L'idée enthousiasma instantanément Li Hong, et elle crut elle aussi voir l'écriture de Ma Guiping. Elle posa lentement la main sur le carnet, repensant à la méthode que Zheng Zhihao lui avait enseignée, s'imaginant être ces mots tortueux et tortueux, puis ferma les yeux.

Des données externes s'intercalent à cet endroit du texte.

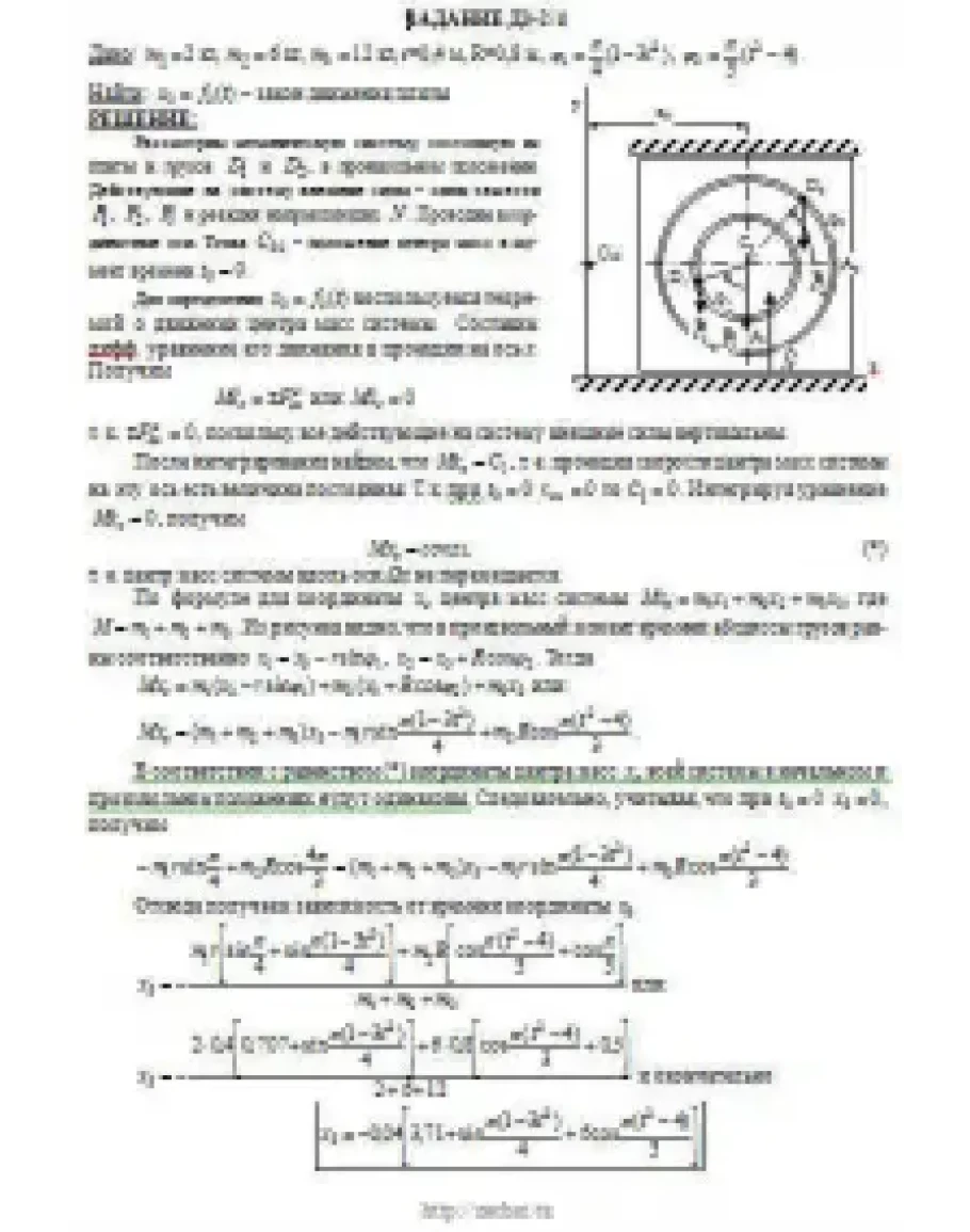 При движении грузов угол φ1 = ∠A2C3D1изменяется по закону φ1 = f1(t), а угол φ2 = ∠A2C3D2 — по закону φ2 = f2(t). В табл. ДЗ эти зависимости даны отдельно для рис. 0—4 и 5—9, где φ выражено в радианах, t — в секундах. Считая грузы материальными точками и пренебрегая всеми сопротивлениями, определить закон изменения со временем величины, указанной в таблице в столбце «Найти», т. е. x3 = t3(t) и N = f(t), где x3 — координата центра C3 плиты (зависимость x3 = f3(t) определяет закон движения плиты), N — полная нормальная реакция направляющих.

Une lumière blanche aveuglante traversa l'esprit de Li Hong, la forçant presque à se protéger les yeux. Mais elle comprit aussitôt qu'il s'agissait d'un message puissant, un écrit. Li Hong se calma et les images dans son esprit devinrent peu à peu plus nettes. Un visage d'une pâleur mortelle apparut devant elle : c'était Ma Guiping. Il n'avait guère changé depuis son vivant, hormis son teint blafard et sa main droite manquante, qui paraissait étrange. Elle ne pouvait distinguer ce qu'il faisait, mais du bord de l'image, elle se vit avec Li Li dans le lit, et sa propre voix résonna à ses oreilles : « Ne lui fais plus de mal… »

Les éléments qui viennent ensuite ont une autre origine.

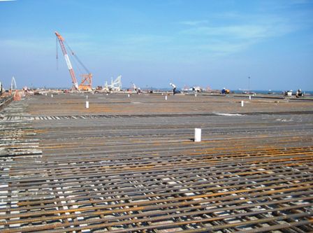 該工程為高樁梁板結構,碼頭長度678米,碼頭沉樁基668根,預制安裝構件1454件,現澆混凝土2.9萬方,護岸拋石44萬方,后方回填砂振沖密實78萬方。橫梁部分采用C50高性能混凝土,共80條,單根混凝土方量118方。目前,現澆施工進展順利,樁帽、橫梁已澆注完成,現澆面層及磨耗層施工將全面展開,項目部正搶趕進度,爭取在12月底全面完成混凝土的澆筑任務,完成年度施工計劃。

Soudain, l'image de Ma Guiping disparut, l'écran trembla et devint progressivement noir jusqu'à ce que plus rien ne soit visible.

**********************************

Un sac cabas rose poudré se trouvait devant Li Hong, exactement comme dans son rêve, à peine plus impeccable. On aurait dit qu'il était resté longtemps dans un débarras.

« C’est ce sac », dit Li Hong. « Avez-vous vu le fantôme sur le sac ? »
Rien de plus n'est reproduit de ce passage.